● Exercise goal: Because the pictures are not wanted, reproduce the rest of the records below exactly as they stand.

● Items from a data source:
###

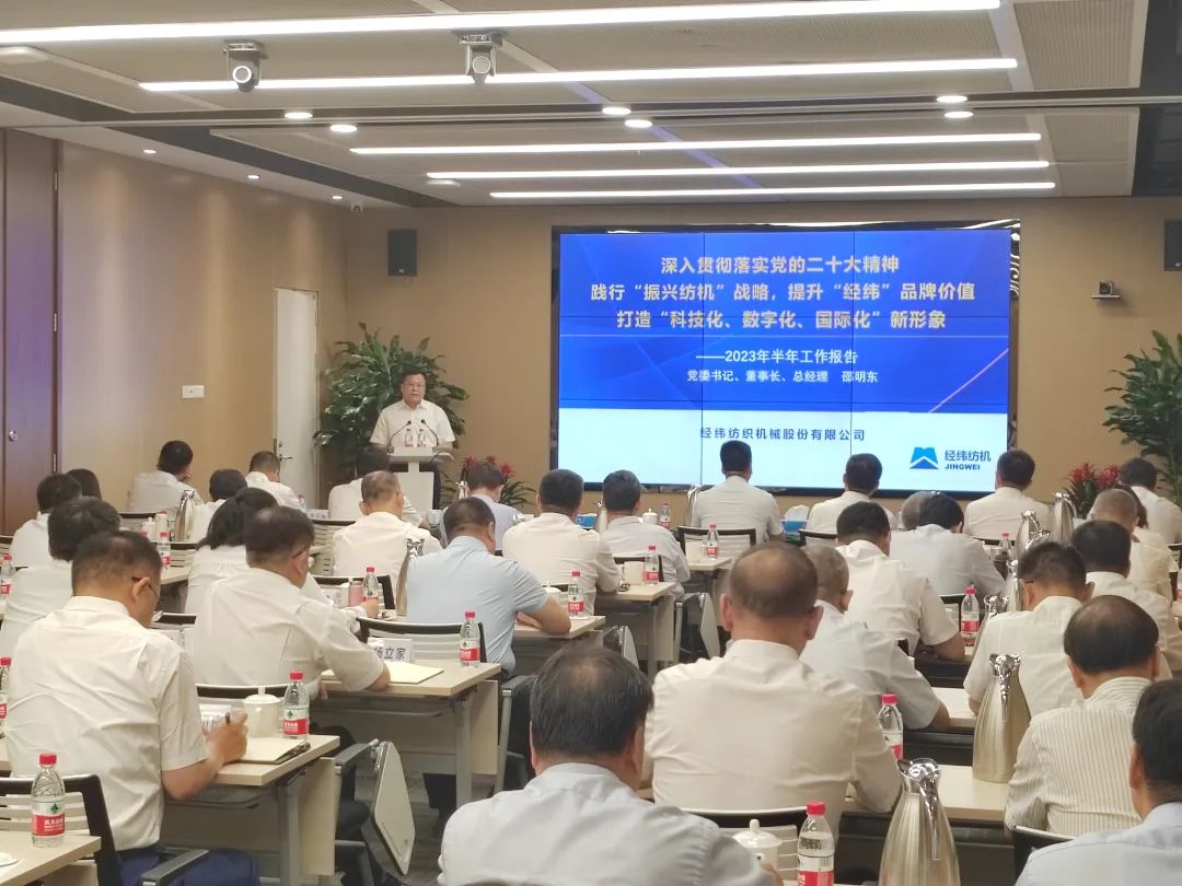 会上,公司党委书记、董事长、总经理邵明东同志作了题为《深入贯彻落实党的二十大精神,践行“振兴纺机”战略,提升经纬品牌价值,打造科技化、数字化、国际化的新形象》的报告,全面回顾总结了上半年的工作亮点,充分肯定了各企业、各部门取得的优异成绩,分析总结了现阶段公司面临的形势和问题,提出了下阶段的工作举措。上半年,在国机集团、恒天集团的正确领导下,全体经纬人紧紧围绕“聚焦主业、敦本务实、改革创新、提质增效”的经营方针,以奋发有为的精神状态和时不我待的奋斗姿态,主动作为,创新模式,大胆突破,抢抓市场机遇,生产经营跑出了“加速度”,主要经济指标逆势上行,超额完成了“双过半”目标任务。下半年,公司将统筹推进“科技化、数字化、国际化”总体布局,协调推进“振兴纺机”、提升“经纬”品牌价值战略,坚持稳中求进工作总基调,全面围绕“做实纺机主业、做强工艺质量、做精科技创新、做优数字化赋能、做好服务增值”等方面开展各项工作,明晰战略举措,统筹业务布局,全面防控风险,提高“经纬”品牌价值,加速推进公司高质量持续稳定发展。
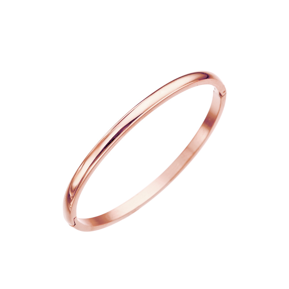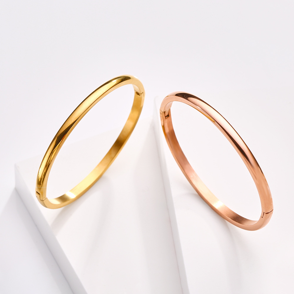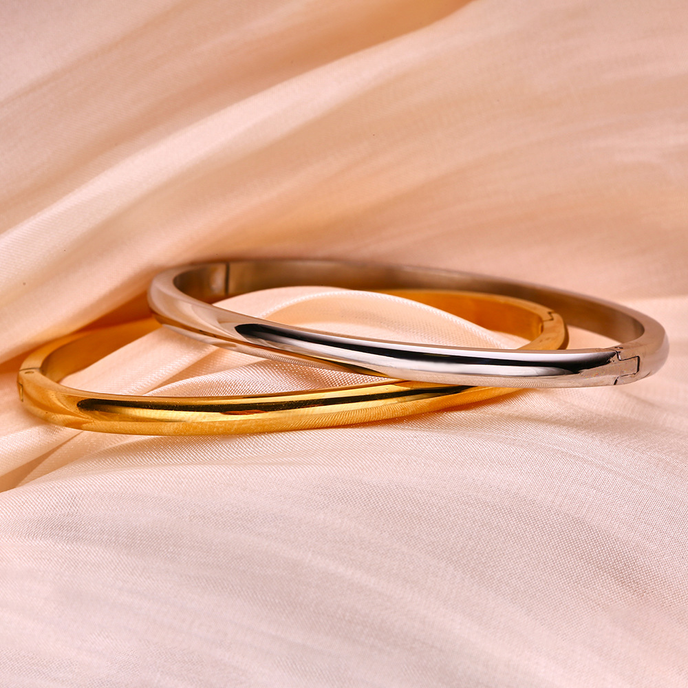 潮流饰品 简约时尚素圈手环女 不锈钢光面弧形卡扣手镯
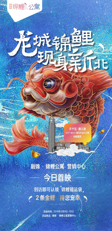 春雨绵绵,万物复苏,一切都是生机勃勃的景象。2019年3月9日,融锦·锦鲤公寓营销中心在万众瞩目下解开了神秘面纱,龙城的寻鲤人齐聚在此参与“龙城锦鲤意外走失,重金悬赏寻鲤人”活动,营销中心现场人头攒动,热情高涨。
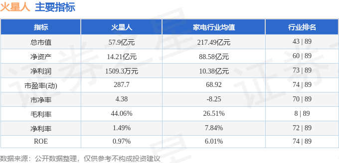 火星人2024年三季报显示,公司主营收入10.13亿元,同比下降35.51%;归母净利润1509.3万元,同比下降93.22%;扣非净利润885.02万元,同比下降95.65%;其中2024年第三季度,公司单季度主营收入3.16亿元,同比下降42.29%;单季度归母净利润-2594.87万元,同比下降129.96%;单季度扣非净利润-2703.43万元,同比下降134.54%;负债率41.26%,投资收益-107.78万元,财务费用-1296.08万元,毛利率44.06%。火星人(300894)主营业务:专业从事新型厨房电器产品的研发、设计、生产与销售业务。
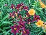 Краткое описание: Высота растения: 75–85 см (во время цветения) Ширина растения: около 60 см Листва: узкая, тёмно-зелёная Размер соцветия: 7–9 см Цветок: кремово-персиковый с лилово-бордовыми прожилками и гофрированными лепестками Цветени
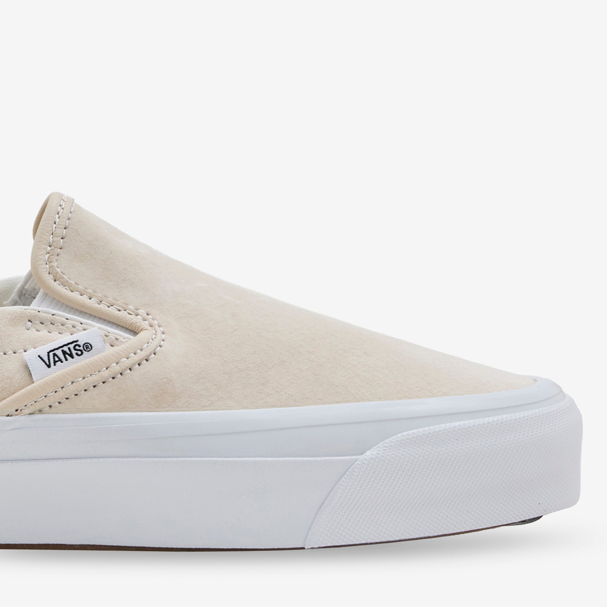 Men's LX Classic Slip-On 98 in Pig Suede Creme Brule from Vans. Slip on upper features cream suede construction with a full grain leather lining at the collar. Sola Foam All-Day-Comfort (ADC) anti-fatigue insole provides all day comfort while the higher gloss-finished sidewall with Osnaburg reinforcement offers structured support. Finished with a rubber outsole for traction.
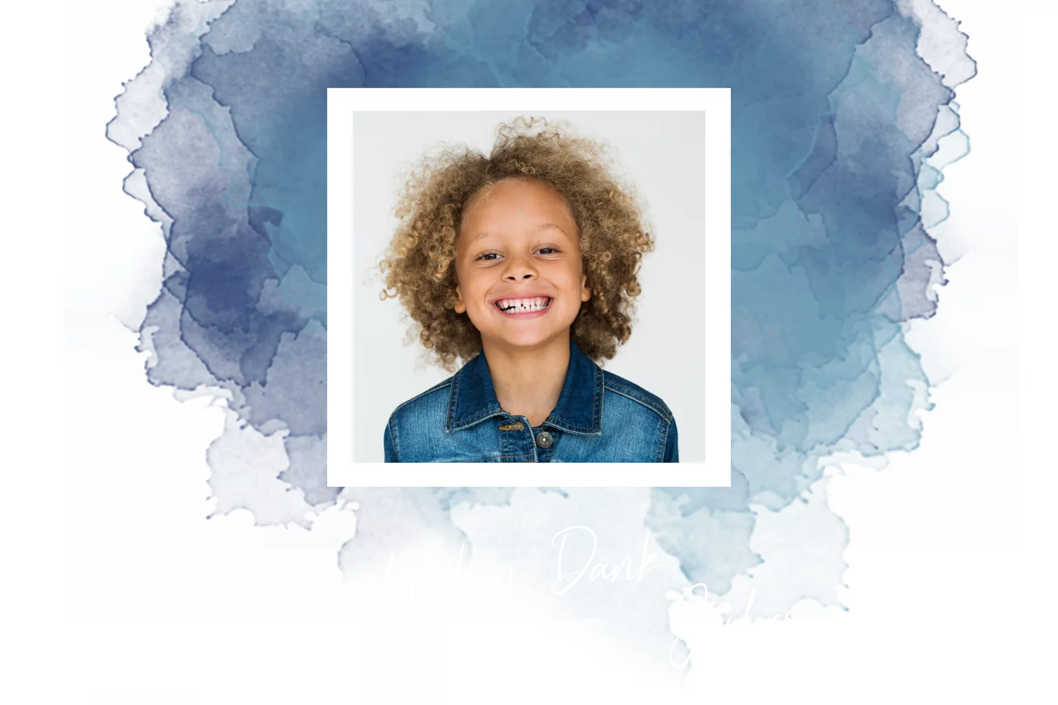 Eine Dankeskarte in Blautönen mit einem Foto und Aquarell-Look auf dem Hintergrund.Melde dich für unseren Newsletter an und profitiere von exklusiven Angeboten, kreativen Ideen und Neuigkeiten aus unserer Produktwelt. Als Dankeschön für deine Anmeldung schenken wir dir einen kostenlosen Probedruck deiner Karte.

###

● Solved problem:
 会上,公司党委书记、董事长、总经理邵明东同志作了题为《深入贯彻落实党的二十大精神,践行“振兴纺机”战略,提升经纬品牌价值,打造科技化、数字化、国际化的新形象》的报告,全面回顾总结了上半年的工作亮点,充分肯定了各企业、各部门取得的优异成绩,分析总结了现阶段公司面临的形势和问题,提出了下阶段的工作举措。上半年,在国机集团、恒天集团的正确领导下,全体经纬人紧紧围绕“聚焦主业、敦本务实、改革创新、提质增效”的经营方针,以奋发有为的精神状态和时不我待的奋斗姿态,主动作为,创新模式,大胆突破,抢抓市场机遇,生产经营跑出了“加速度”,主要经济指标逆势上行,超额完成了“双过半”目标任务。下半年,公司将统筹推进“科技化、数字化、国际化”总体布局,协调推进“振兴纺机”、提升“经纬”品牌价值战略,坚持稳中求进工作总基调,全面围绕“做实纺机主业、做强工艺质量、做精科技创新、做优数字化赋能、做好服务增值”等方面开展各项工作,明晰战略举措,统筹业务布局,全面防控风险,提高“经纬”品牌价值,加速推进公司高质量持续稳定发展。
 潮流饰品 简约时尚素圈手环女 不锈钢光面弧形卡扣手镯
 春雨绵绵,万物复苏,一切都是生机勃勃的景象。2019年3月9日,融锦·锦鲤公寓营销中心在万众瞩目下解开了神秘面纱,龙城的寻鲤人齐聚在此参与“龙城锦鲤意外走失,重金悬赏寻鲤人”活动,营销中心现场人头攒动,热情高涨。
 火星人2024年三季报显示,公司主营收入10.13亿元,同比下降35.51%;归母净利润1509.3万元,同比下降93.22%;扣非净利润885.02万元,同比下降95.65%;其中2024年第三季度,公司单季度主营收入3.16亿元,同比下降42.29%;单季度归母净利润-2594.87万元,同比下降129.96%;单季度扣非净利润-2703.43万元,同比下降134.54%;负债率41.26%,投资收益-107.78万元,财务费用-1296.08万元,毛利率44.06%。火星人(300894)主营业务:专业从事新型厨房电器产品的研发、设计、生产与销售业务。
 Краткое описание: Высота растения: 75–85 см (во время цветения) Ширина растения: около 60 см Листва: узкая, тёмно-зелёная Размер соцветия: 7–9 см Цветок: кремово-персиковый с лилово-бордовыми прожилками и гофрированными лепестками Цветени
 Men's LX Classic Slip-On 98 in Pig Suede Creme Brule from Vans. Slip on upper features cream suede construction with a full grain leather lining at the collar. Sola Foam All-Day-Comfort (ADC) anti-fatigue insole provides all day comfort while the higher gloss-finished sidewall with Osnaburg reinforcement offers structured support. Finished with a rubber outsole for traction.
 Eine Dankeskarte in Blautönen mit einem Foto und Aquarell-Look auf dem Hintergrund.Melde dich für unseren Newsletter an und profitiere von exklusiven Angeboten, kreativen Ideen und Neuigkeiten aus unserer Produktwelt. Als Dankeschön für deine Anmeldung schenken wir dir einen kostenlosen Probedruck deiner Karte.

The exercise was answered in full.